**Directions for this task**
Reproduce without any pictures the lines from the one that contains "Los datos demográficos" through the end of the records, exactly as written.

------ Information supplied ------

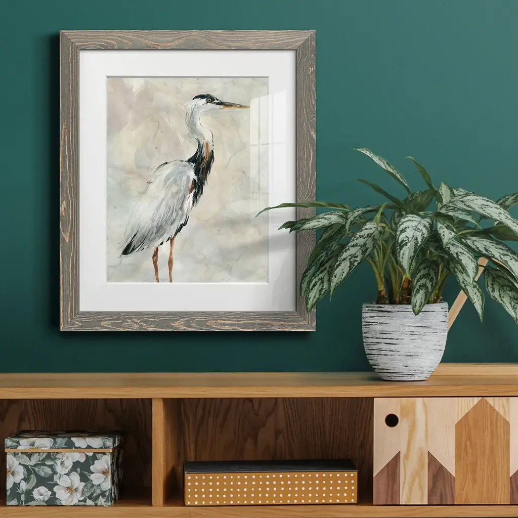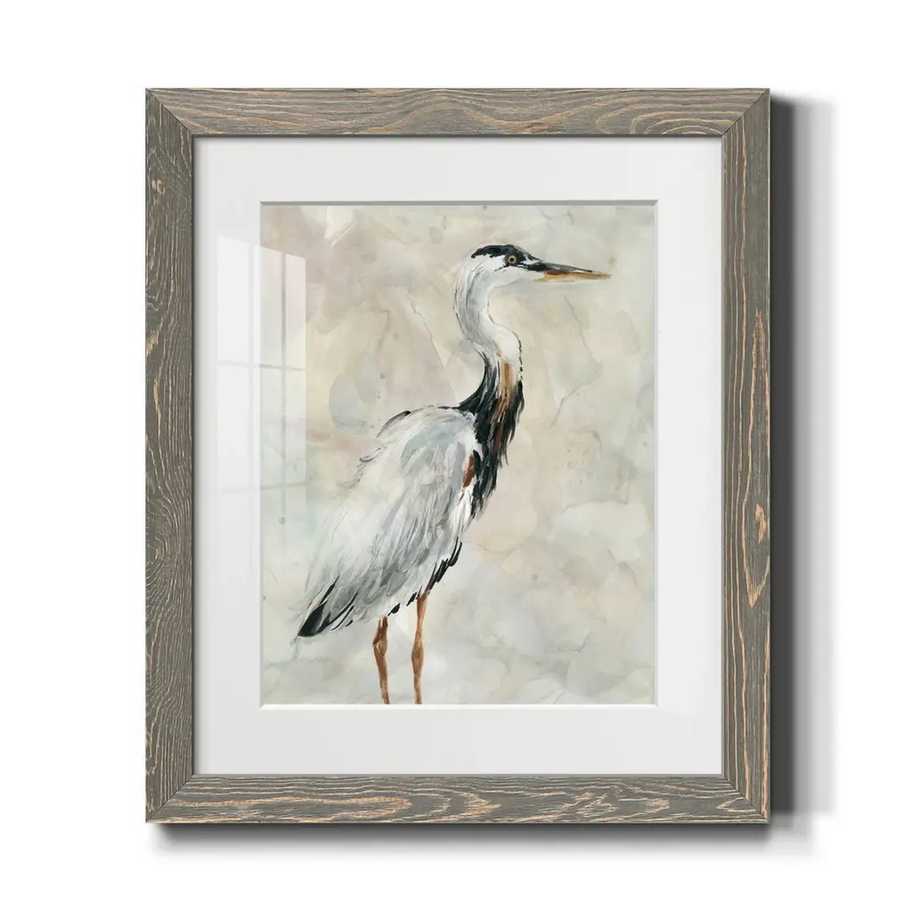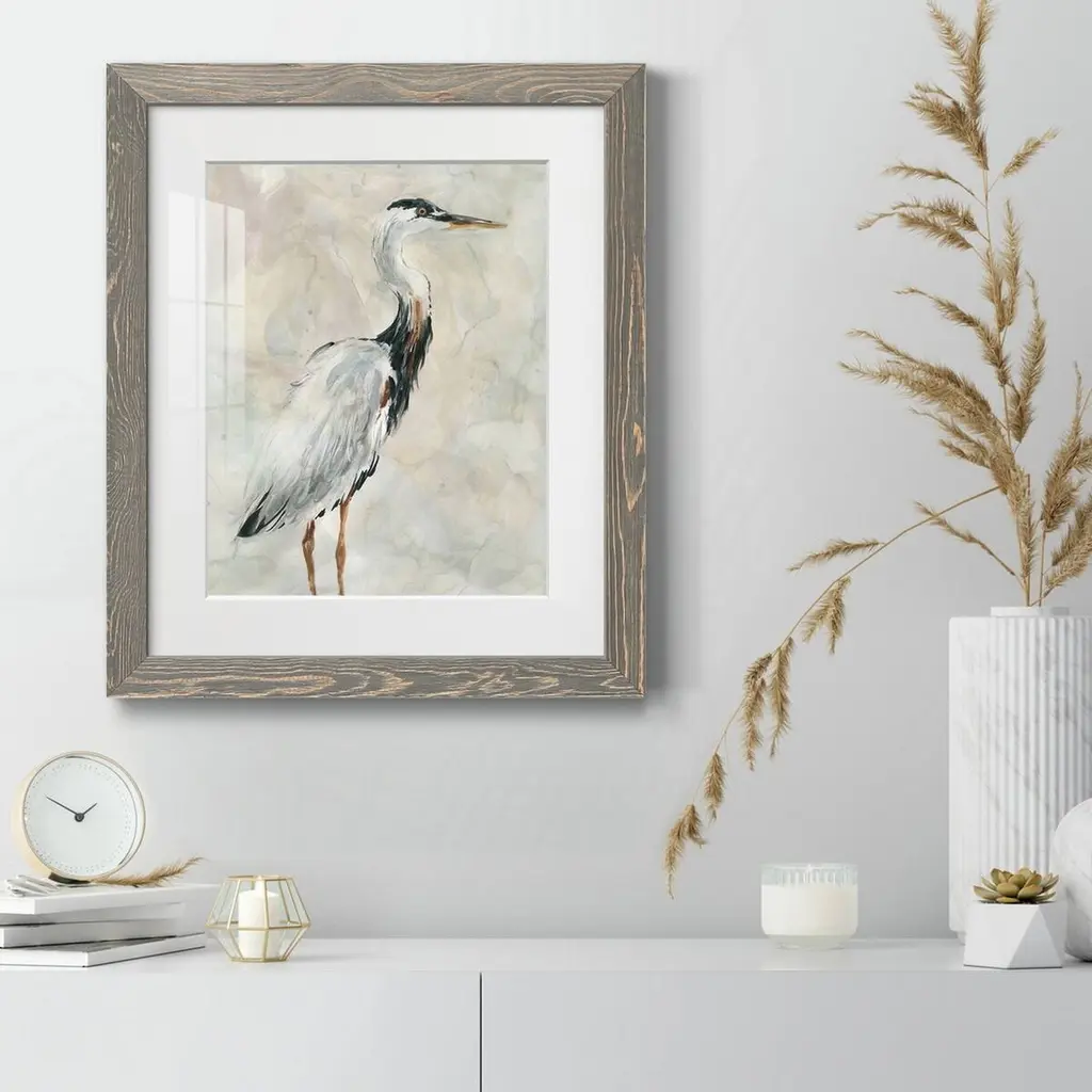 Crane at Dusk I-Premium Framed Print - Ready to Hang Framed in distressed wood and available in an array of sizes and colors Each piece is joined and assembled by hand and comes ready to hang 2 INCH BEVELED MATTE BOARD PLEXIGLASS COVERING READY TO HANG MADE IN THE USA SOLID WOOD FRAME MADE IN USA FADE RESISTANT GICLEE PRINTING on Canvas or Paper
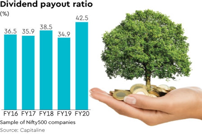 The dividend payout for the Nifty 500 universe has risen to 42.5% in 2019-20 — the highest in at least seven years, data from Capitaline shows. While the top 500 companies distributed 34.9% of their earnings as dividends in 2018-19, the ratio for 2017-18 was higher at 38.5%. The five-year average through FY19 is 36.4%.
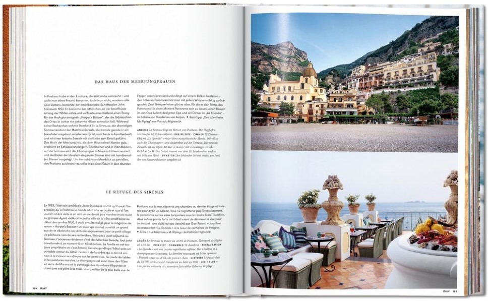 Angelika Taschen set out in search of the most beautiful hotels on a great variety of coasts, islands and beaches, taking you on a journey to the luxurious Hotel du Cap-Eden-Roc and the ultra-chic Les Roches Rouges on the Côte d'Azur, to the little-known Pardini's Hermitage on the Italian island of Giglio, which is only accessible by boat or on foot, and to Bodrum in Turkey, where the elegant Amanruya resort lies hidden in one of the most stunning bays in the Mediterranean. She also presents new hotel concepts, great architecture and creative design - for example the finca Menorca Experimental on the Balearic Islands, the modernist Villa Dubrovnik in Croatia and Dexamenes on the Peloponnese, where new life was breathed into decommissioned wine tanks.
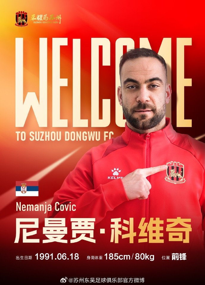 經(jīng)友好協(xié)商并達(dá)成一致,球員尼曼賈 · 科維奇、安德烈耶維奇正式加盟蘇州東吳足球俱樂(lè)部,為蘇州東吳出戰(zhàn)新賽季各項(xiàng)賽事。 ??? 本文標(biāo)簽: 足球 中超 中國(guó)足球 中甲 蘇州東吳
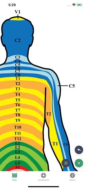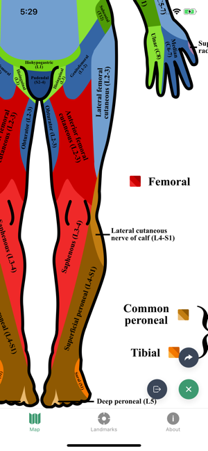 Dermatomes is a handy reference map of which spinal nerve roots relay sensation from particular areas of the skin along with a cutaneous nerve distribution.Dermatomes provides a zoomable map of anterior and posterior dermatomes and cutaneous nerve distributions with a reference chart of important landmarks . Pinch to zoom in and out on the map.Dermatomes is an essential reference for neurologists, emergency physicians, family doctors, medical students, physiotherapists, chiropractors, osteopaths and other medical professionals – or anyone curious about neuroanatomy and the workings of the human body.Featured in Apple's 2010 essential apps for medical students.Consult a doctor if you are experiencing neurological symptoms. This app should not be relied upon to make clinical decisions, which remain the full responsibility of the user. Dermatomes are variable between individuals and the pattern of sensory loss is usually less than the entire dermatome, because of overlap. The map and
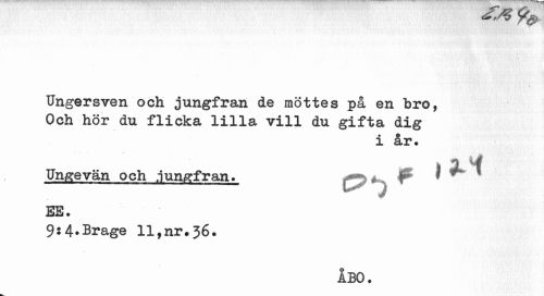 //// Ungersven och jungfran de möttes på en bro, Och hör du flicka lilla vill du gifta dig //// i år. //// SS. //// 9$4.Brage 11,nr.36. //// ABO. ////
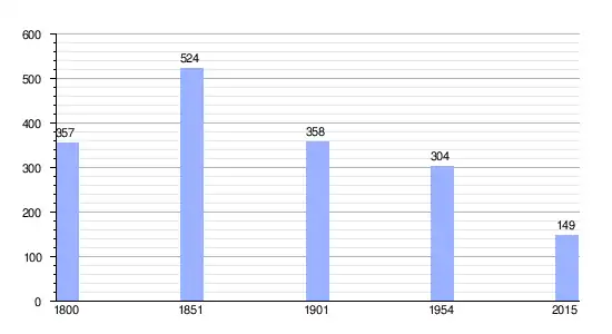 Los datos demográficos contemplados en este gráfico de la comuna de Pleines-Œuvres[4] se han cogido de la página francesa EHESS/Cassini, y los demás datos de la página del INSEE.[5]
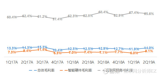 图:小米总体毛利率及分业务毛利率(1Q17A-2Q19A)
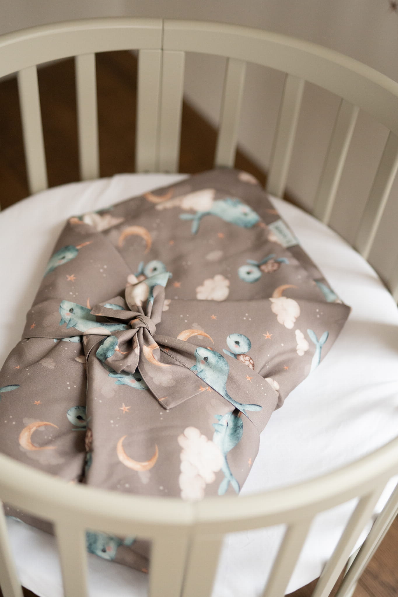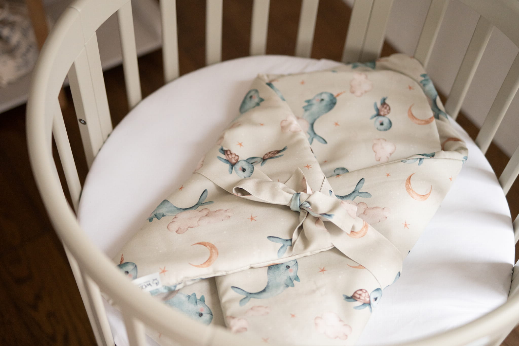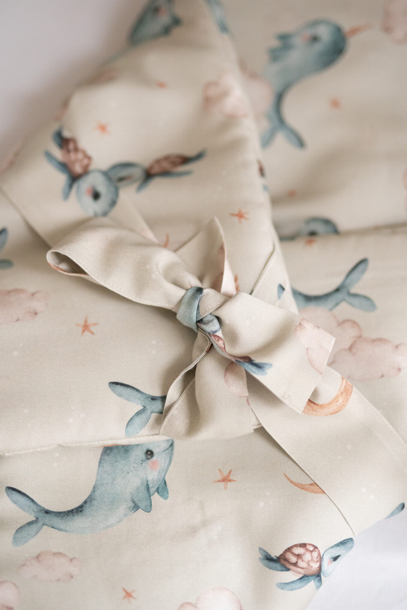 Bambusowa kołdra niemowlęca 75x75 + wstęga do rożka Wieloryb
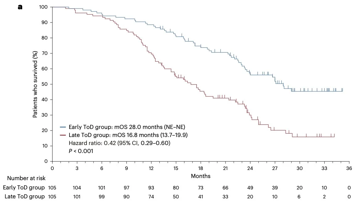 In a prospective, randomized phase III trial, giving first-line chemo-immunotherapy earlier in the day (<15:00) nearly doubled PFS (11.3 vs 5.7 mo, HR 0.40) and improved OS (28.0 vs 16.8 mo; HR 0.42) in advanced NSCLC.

------

**Written response**
 Los datos demográficos contemplados en este gráfico de la comuna de Pleines-Œuvres[4] se han cogido de la página francesa EHESS/Cassini, y los demás datos de la página del INSEE.[5]
 图:小米总体毛利率及分业务毛利率(1Q17A-2Q19A)
 Bambusowa kołdra niemowlęca 75x75 + wstęga do rożka Wieloryb
 In a prospective, randomized phase III trial, giving first-line chemo-immunotherapy earlier in the day (<15:00) nearly doubled PFS (11.3 vs 5.7 mo, HR 0.40) and improved OS (28.0 vs 16.8 mo; HR 0.42) in advanced NSCLC.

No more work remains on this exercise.